Data to examine =>

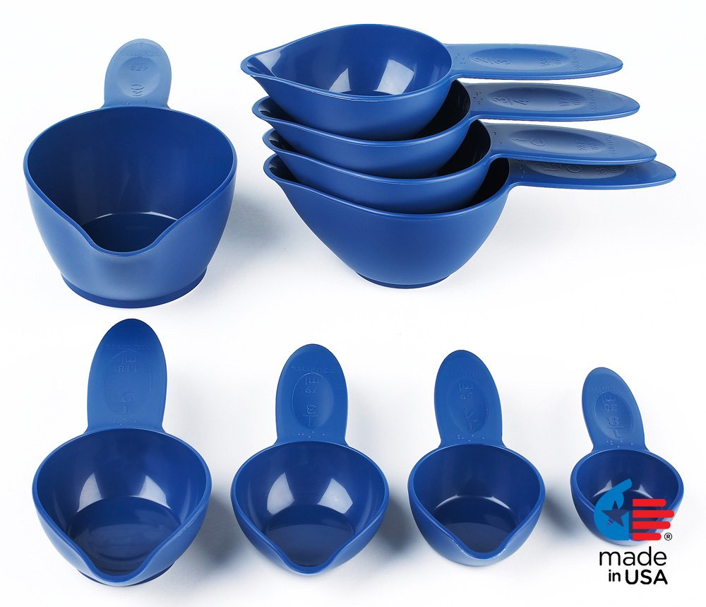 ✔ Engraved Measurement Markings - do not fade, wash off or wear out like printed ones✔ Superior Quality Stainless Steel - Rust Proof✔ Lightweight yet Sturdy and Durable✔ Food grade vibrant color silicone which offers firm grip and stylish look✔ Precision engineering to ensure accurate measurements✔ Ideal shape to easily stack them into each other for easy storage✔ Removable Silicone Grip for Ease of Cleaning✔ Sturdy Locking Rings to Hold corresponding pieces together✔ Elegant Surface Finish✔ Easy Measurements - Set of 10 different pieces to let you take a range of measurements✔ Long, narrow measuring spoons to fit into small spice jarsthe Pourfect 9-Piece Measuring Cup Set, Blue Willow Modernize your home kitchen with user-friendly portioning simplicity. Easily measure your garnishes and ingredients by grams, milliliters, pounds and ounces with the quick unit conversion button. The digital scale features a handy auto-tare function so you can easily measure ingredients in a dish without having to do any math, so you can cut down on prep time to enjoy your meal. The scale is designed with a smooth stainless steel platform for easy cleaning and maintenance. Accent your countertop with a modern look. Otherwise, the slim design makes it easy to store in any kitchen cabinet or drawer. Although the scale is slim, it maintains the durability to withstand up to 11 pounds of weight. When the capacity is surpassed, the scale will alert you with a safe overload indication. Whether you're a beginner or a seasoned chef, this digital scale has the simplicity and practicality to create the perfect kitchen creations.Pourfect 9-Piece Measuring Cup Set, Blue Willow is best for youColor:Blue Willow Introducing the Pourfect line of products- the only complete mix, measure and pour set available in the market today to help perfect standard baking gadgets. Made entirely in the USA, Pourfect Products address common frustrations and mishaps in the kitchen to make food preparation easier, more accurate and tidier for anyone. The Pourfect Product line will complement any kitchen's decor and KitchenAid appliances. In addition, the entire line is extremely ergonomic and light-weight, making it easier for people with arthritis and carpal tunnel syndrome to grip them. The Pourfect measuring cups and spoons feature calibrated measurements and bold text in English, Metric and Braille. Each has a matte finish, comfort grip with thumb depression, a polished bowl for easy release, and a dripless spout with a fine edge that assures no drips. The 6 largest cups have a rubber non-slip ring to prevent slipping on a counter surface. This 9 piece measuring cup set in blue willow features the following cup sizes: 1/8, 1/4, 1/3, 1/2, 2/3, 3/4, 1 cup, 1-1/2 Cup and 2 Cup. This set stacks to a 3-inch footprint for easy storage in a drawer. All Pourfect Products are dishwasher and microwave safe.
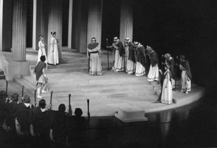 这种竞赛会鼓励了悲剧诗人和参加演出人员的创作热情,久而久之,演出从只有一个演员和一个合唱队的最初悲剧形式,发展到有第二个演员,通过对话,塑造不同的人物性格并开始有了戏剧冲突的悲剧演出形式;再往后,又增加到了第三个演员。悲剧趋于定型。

--

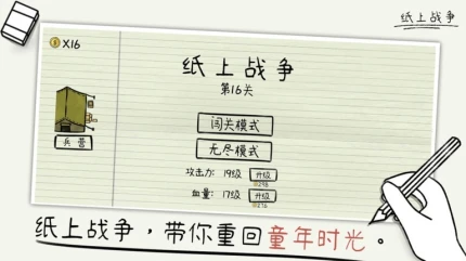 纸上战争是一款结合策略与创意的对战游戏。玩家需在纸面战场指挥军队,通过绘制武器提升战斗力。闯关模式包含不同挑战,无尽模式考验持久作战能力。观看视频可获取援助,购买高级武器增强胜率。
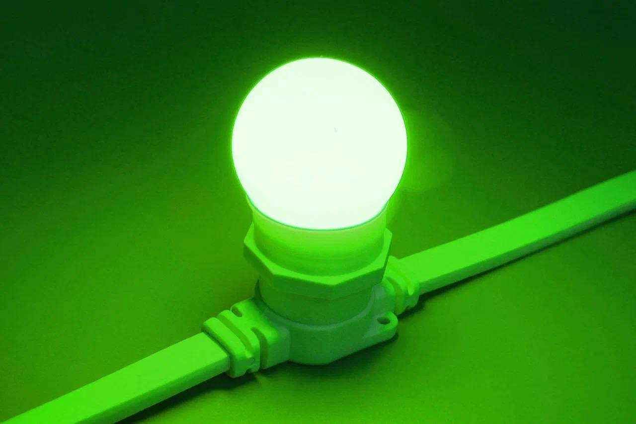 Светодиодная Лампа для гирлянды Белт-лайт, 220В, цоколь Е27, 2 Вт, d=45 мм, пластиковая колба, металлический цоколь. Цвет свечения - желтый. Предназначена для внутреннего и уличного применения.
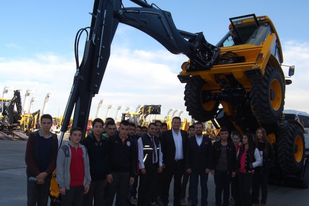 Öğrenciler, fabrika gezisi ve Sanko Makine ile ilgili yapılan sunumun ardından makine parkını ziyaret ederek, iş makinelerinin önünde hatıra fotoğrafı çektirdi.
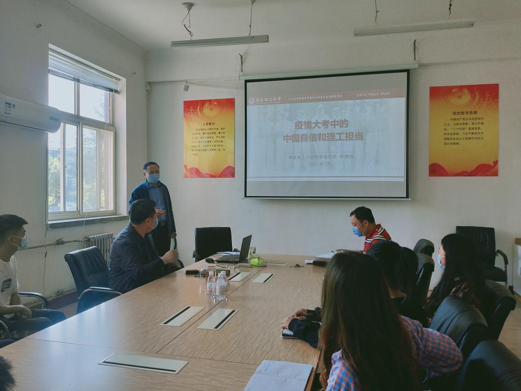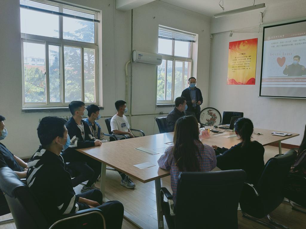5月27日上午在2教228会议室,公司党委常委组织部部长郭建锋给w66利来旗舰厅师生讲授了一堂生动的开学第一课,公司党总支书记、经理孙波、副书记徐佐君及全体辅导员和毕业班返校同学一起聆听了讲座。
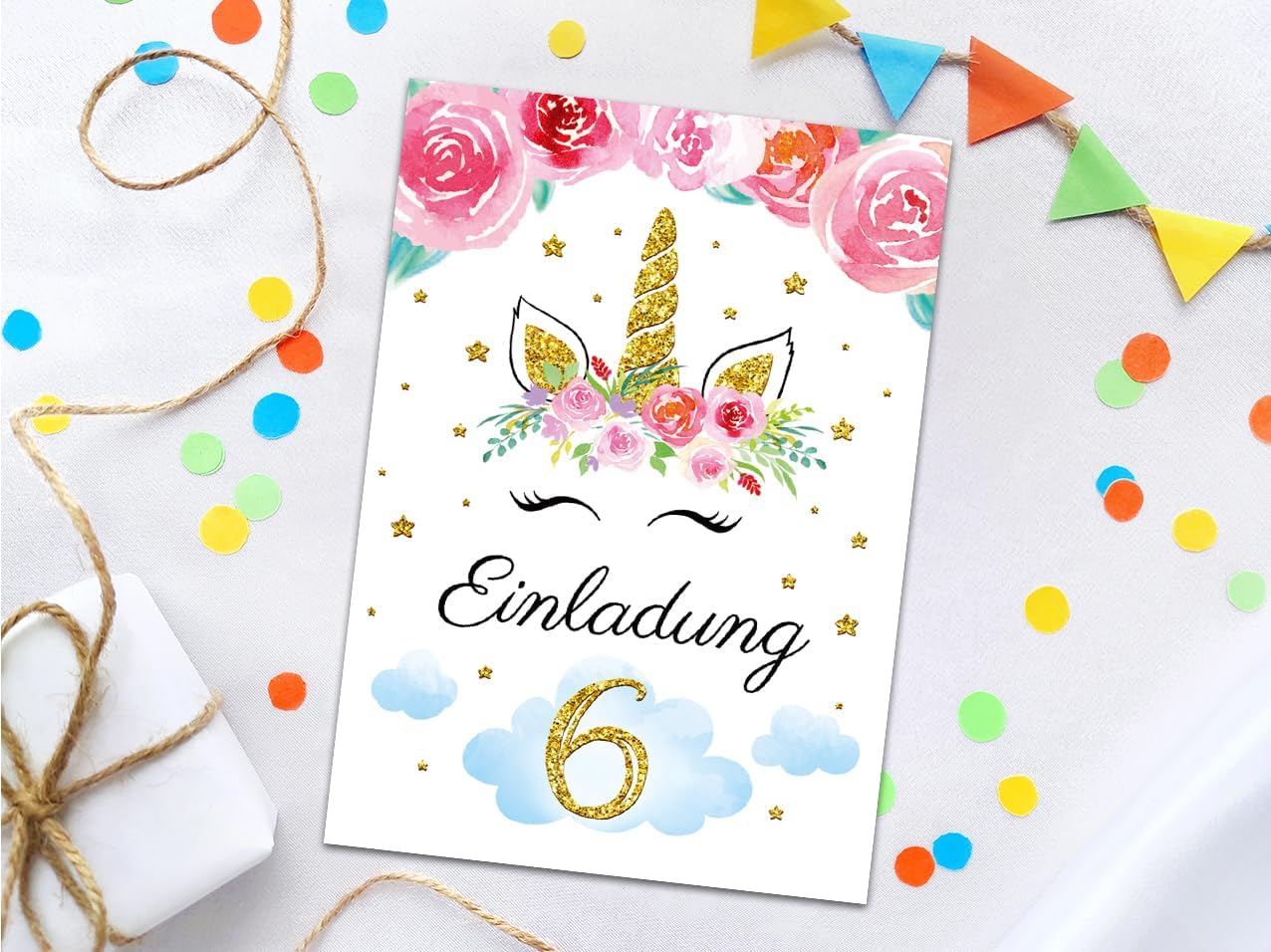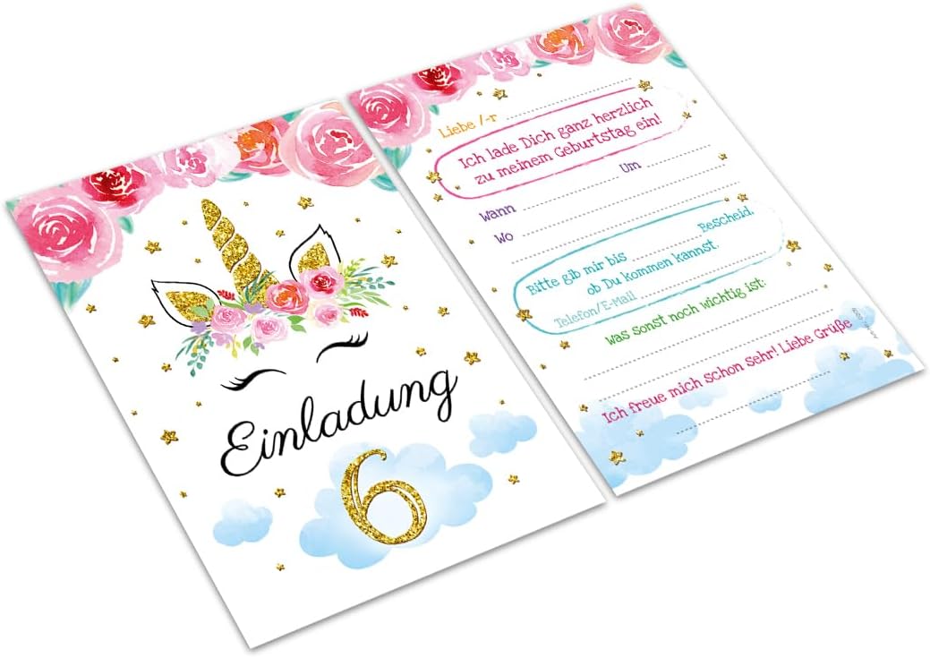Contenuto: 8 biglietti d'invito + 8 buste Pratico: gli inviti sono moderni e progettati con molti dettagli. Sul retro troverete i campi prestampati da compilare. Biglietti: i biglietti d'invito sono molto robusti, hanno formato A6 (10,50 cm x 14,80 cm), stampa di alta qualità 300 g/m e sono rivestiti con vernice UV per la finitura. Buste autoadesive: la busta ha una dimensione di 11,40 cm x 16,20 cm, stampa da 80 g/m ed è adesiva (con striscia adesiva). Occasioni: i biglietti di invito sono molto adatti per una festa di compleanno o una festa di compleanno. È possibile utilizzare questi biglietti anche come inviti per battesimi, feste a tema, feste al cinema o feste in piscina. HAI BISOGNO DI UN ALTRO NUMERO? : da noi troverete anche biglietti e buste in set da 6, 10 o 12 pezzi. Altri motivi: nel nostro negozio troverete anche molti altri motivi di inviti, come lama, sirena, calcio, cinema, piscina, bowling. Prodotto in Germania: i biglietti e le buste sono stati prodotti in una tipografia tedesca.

* * *

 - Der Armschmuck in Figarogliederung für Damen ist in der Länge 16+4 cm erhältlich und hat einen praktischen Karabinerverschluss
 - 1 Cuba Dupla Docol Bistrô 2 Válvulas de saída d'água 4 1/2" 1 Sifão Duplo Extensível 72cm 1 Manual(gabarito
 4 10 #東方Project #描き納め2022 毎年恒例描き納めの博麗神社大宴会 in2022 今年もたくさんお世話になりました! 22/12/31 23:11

Prompt =>
Retype, in the same exact form, the lines of the material above from the line holding "- Der Armschmuck" through the line holding "- 1 Cuba Dupla".

Answer to this task =>
 - Der Armschmuck in Figarogliederung für Damen ist in der Länge 16+4 cm erhältlich und hat einen praktischen Karabinerverschluss
 - 1 Cuba Dupla Docol Bistrô 2 Válvulas de saída d'água 4 1/2" 1 Sifão Duplo Extensível 72cm 1 Manual(gabarito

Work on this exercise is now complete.